(Extracted data entries)
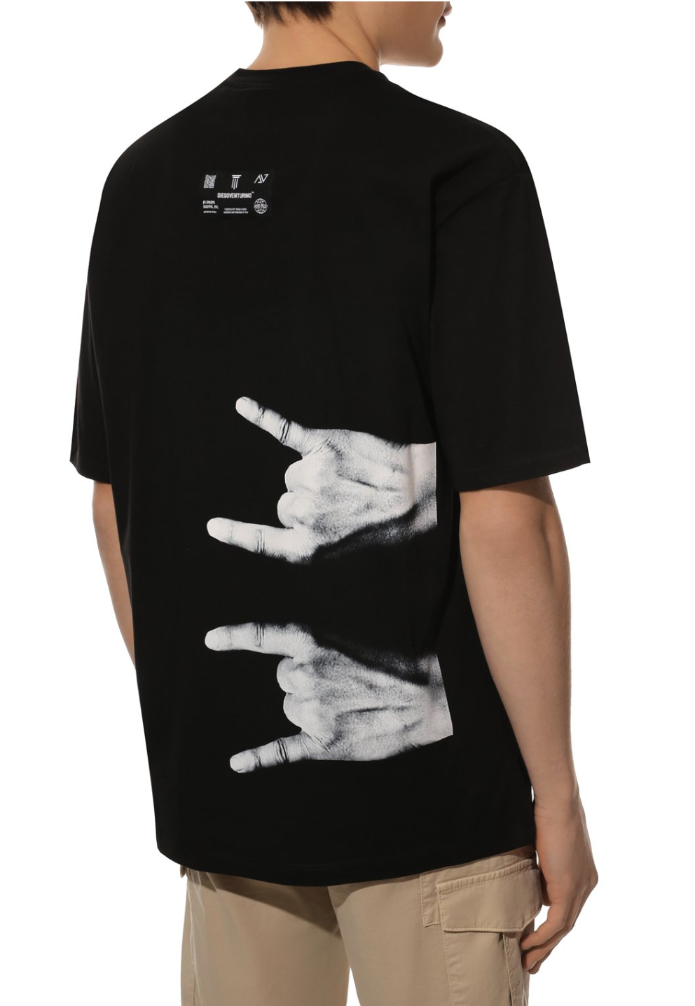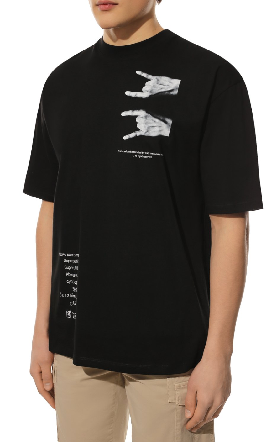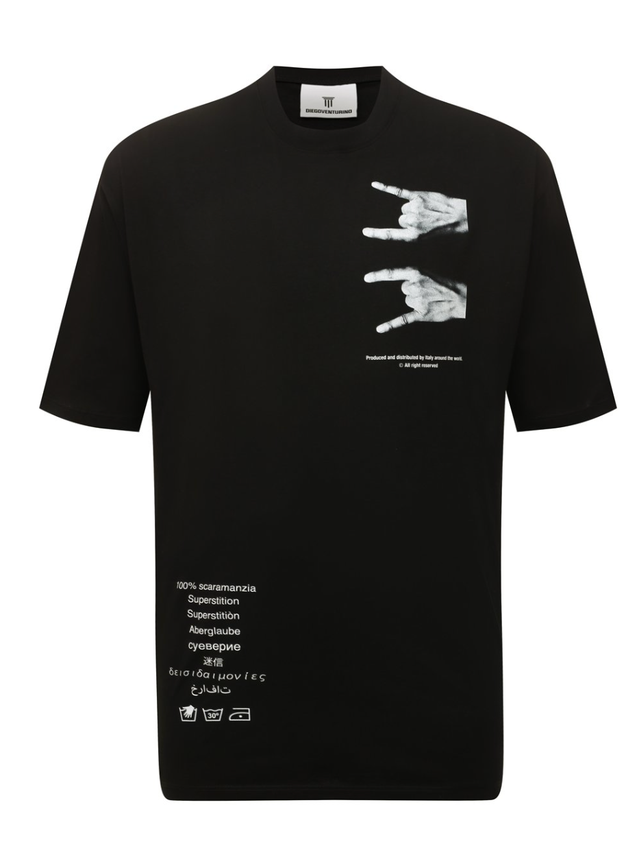 Experience the height of Italian craftsmanship with this elegant black t-shirt, featuring a distinctive brand design on both sides. Crafted from 100% high-quality cotton, this tee offers both comfort and style. Perfect for adding a touch of sophistication to any casual ensemble.
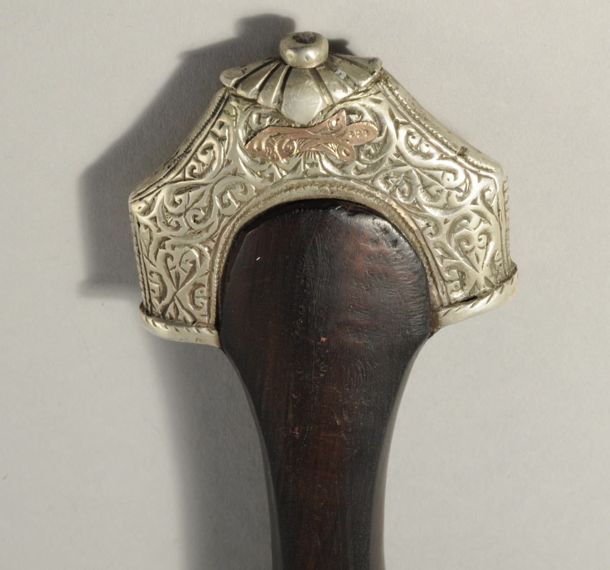 MAROC. POIGNARD en argent. Manche en bois noirci. Fourreau à arabesques, palmettes et trèfles. Lame métallique en partie gravée.
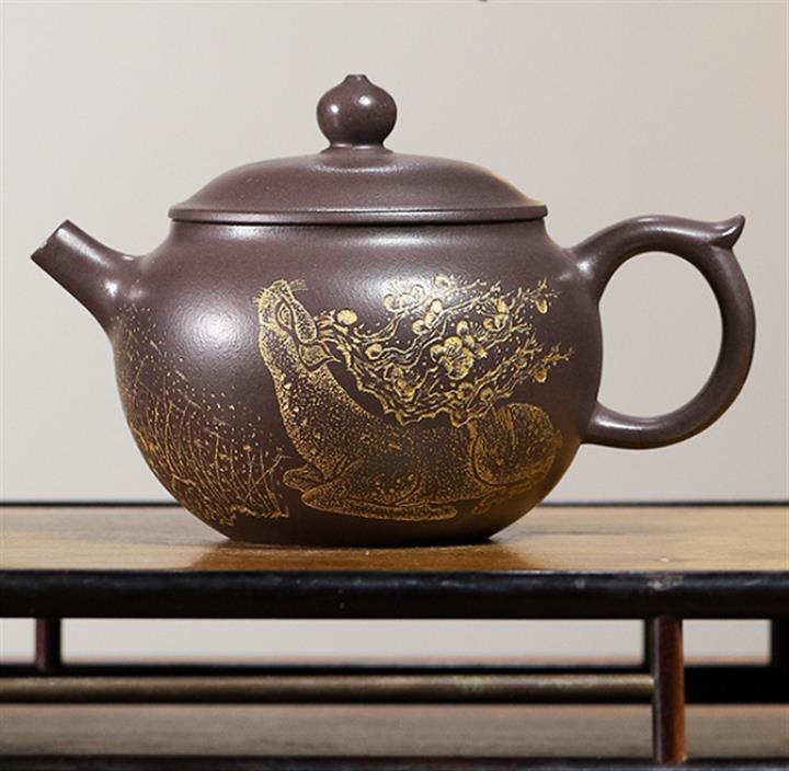 300cc原礦紫泥扁茄瓜仿生光素茶壺POT9221
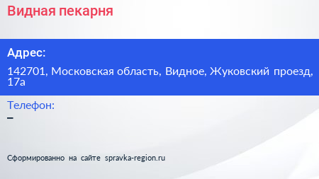 Видная, пекарня по адресу 142701, Московская область, Видное, Жуковский проезд, 17а в дальнейшем Организация, размещена в следующих категориях:
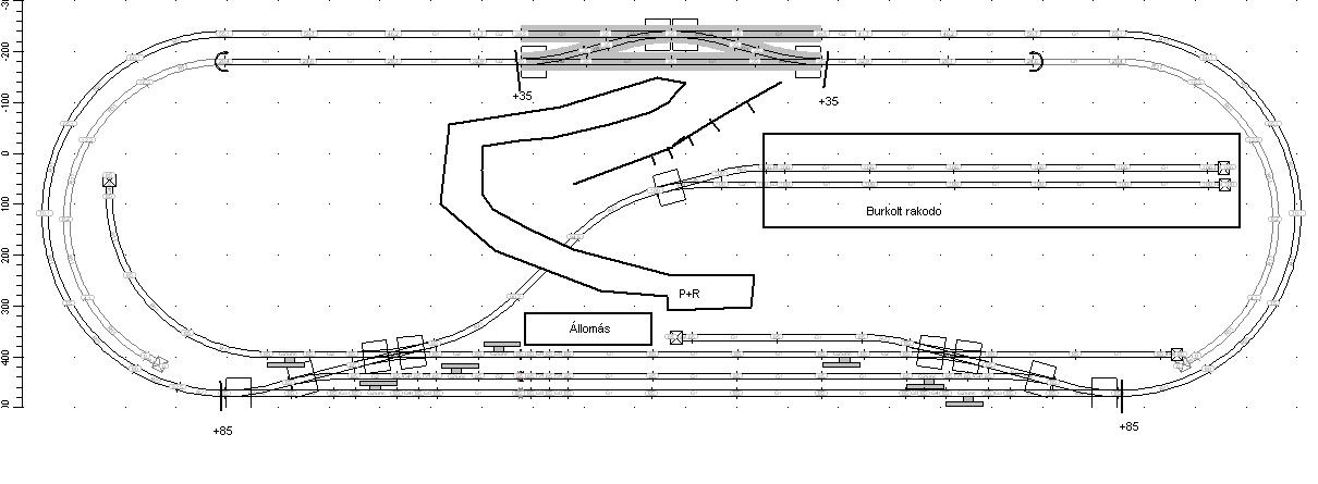 Azért pont erre az állomásra esett a választásom, mert öt fővágányával (II-VI. vágányok), négy csonka-, egy mellék- (I.) és egy átrakó (+1 megkerülő) vágányával már elég komoly forgalmat lehet rajta játszani (igaz, a valóságban a szénbányászat 1970. április 1-jén megszűnt). Az egyszerűség kedvéért Tillig kitérőket alkalmaztam, emiatt a váltókörzetek enyhén torzítottak, pl. 2 db ellenkező görbületű kitérő helyett egyszerű EW2 kitérőket terveztem be (ezáltal a torzulás is kompenzálva lett valamelyest). Bázishossznak a III. vágány 355 méteres használható hosszát vettem alapul, a torzítás miatt kb. 2900 mm a hasznos vágányhossz TT-ben. A bejárati szakaszokkal együtt kb. 6 méter hosszú a végeredmény, ekkora állomás méretünkben talán csak a németeknek van (Finkenheerd).

[Instructions for the task]:
From the records above, write out exactly the lines that begin at the line with "300cc原礦紫泥扁茄瓜仿生光素茶壺POT9221" and end at the line with "Видная, пекарня по". Pictures must not appear in the output.

[Output for this task]:
 300cc原礦紫泥扁茄瓜仿生光素茶壺POT9221
 Видная, пекарня по адресу 142701, Московская область, Видное, Жуковский проезд, 17а в дальнейшем Организация, размещена в следующих категориях:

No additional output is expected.